貧弱装備の病院で、救急外来もやっているのです。

 

23人常勤医がいてシフト制の救急外来

という夢のような病院もあるようですが、日本には殆どありません。

 

大抵は

医師1名と看護師2名

という、貧相な装備で戦っています。

 

「土日、夜間に特別具合が悪くなった」で受診。

構いません。

そのための救急外来です。

 

「普段いけないから、休日の救急外来受診しよう」

これ、やめてください。

というかおススメできません。

 

休日の病院の 人員は貧弱です。

各専門のエキスパートが揃っていることはまずない。

また、検査技師も最低限しかいなくて、詳しい検査は基本的にできない。

 

平日より、パフォーマンスが落ちた医療しか受けられない。

 

「今日はこれ以上の検査できないので、また専門医受診してください」となるパターンも結構多いです。

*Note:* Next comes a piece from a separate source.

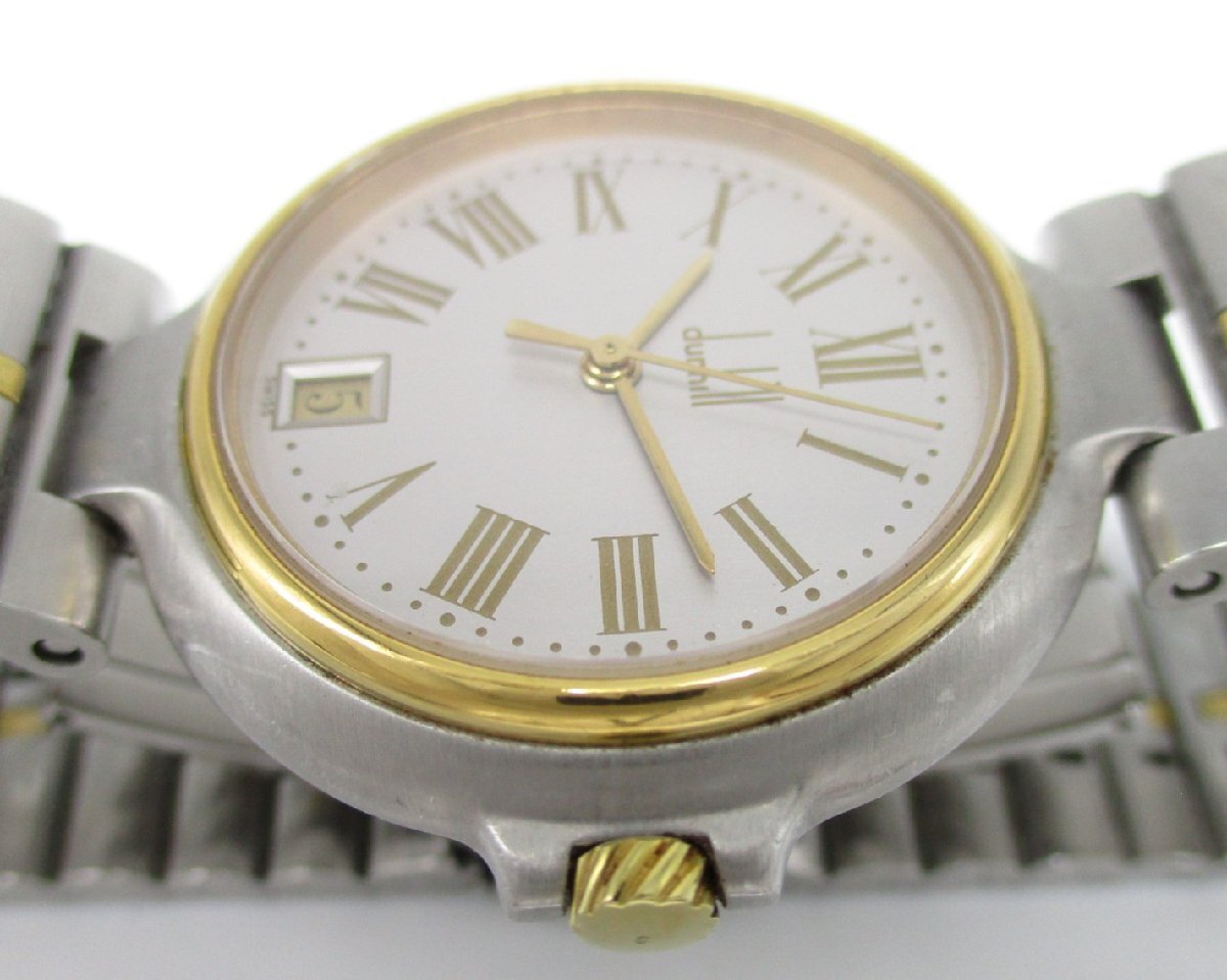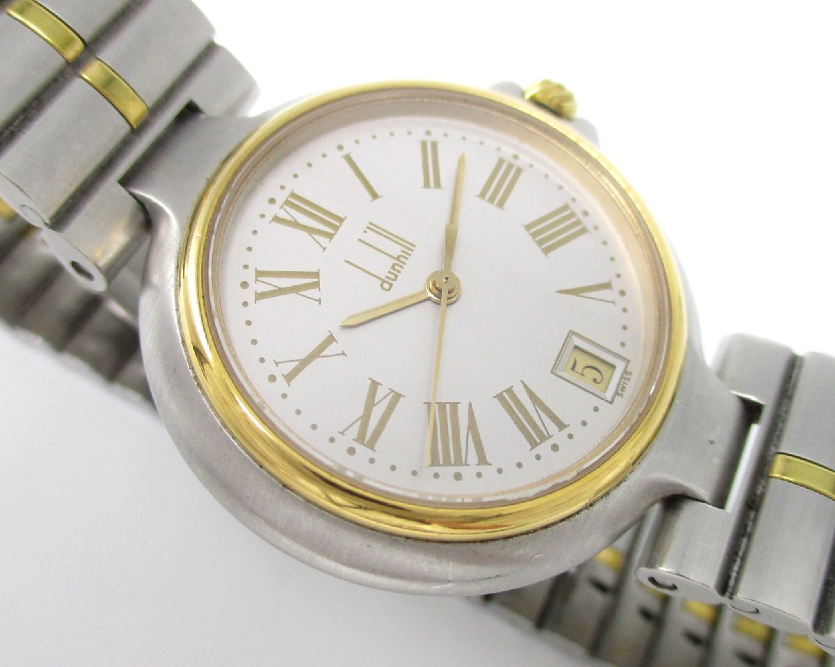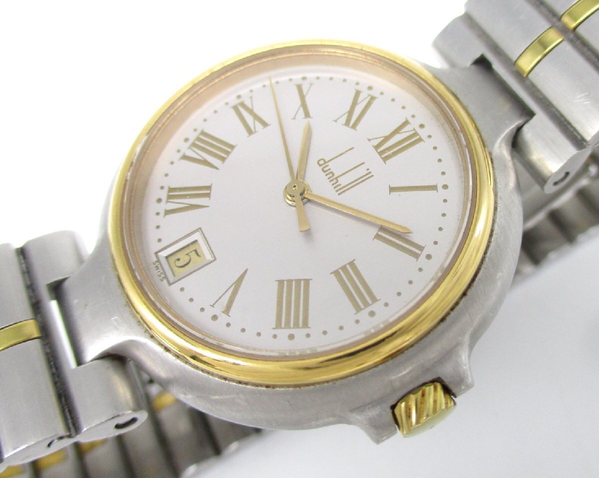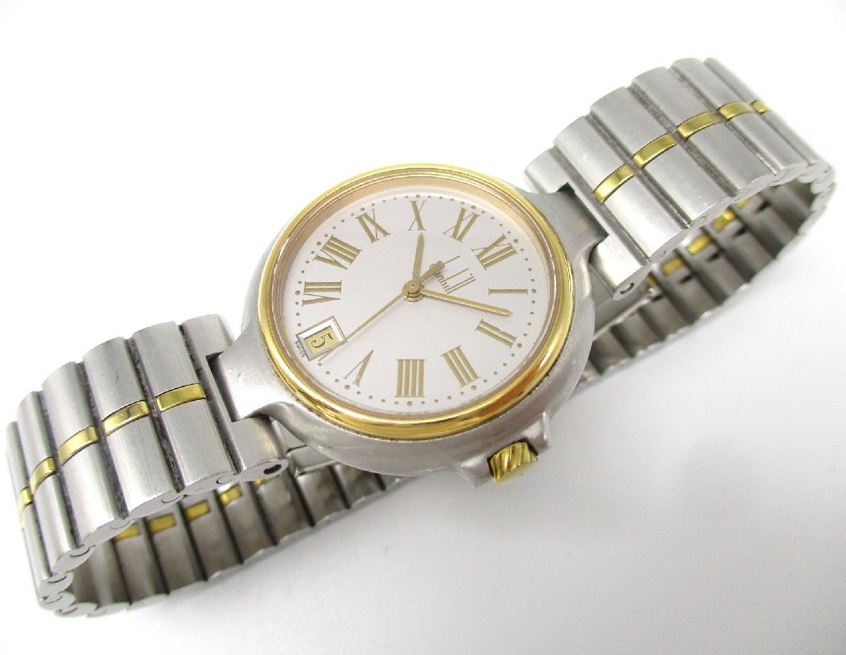 | dunhill ダンヒル ミレニアム クォーツ ブレスが観音開きになる、後期タイプです。 【およそのサイズ】ケース径:32mm 腕回り:19cm 【状態】ガラスは無傷です。文字盤に汚れは見られません。ケース、ブレスは小傷、スレ程度で美品レベルだと思います。 クォーツ時計の入っている電池はモニター電池扱いでお願いいたします。発送までに止まった場合は電池交換後、発送いたしますが、その後の電池切れの際は、落札者様御自身でメーカーもしくは一般店に電池交換にお出しください。 【付属品】箱・保証書等は無く、時計のみです。 | ||||
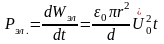 Плоский конденсатор, образованный круглыми электродами радиуса 0,5м, разделенными воздушным промежутком длиной 0,1м, медленно заряжают со скоростью 105 В/с. Определите мощность излучения электромагнитного поля через боковую поверхность конденсатора и сопоставить ее с приращени ем энергии конденсатора в единицу времени. Рассеянием электрического поля на краях конденсатора пренебречь.

薬剤師もいないので、出せる薬のバリエーションも少ないです。

 

長い期間悩んでいる症状は、平日の病院へ!!

これ基本です。

 

「救急」外来…

今すぐ命に関わる人に対応するためにあいてます。

 

でも、ゴールデンウィークなどの大型連休では、

街中の開業医が長くお休みするのでカゼなどの軽症の方も、殺到します。

この中に紛れ込む重症患者を拾いあげつつ、

命を失わないようにマネジメントするので手一杯です。

 

そんなときに

「何週間も前から、具合悪くて…」と言われると

その期間、我慢できたなら「救急」外来くるのはやめてくれ、と正直思います。

急激に、悪化してきたのなら、わかるんですけども。

 

 

大型連休のたびに思うこと

どうか、皆さまが

無病息災で

ゴールデンウィークを過ごせますように!!

 

大型連休の、人員が少ない病院にくるのなんて

いいこと、ないです。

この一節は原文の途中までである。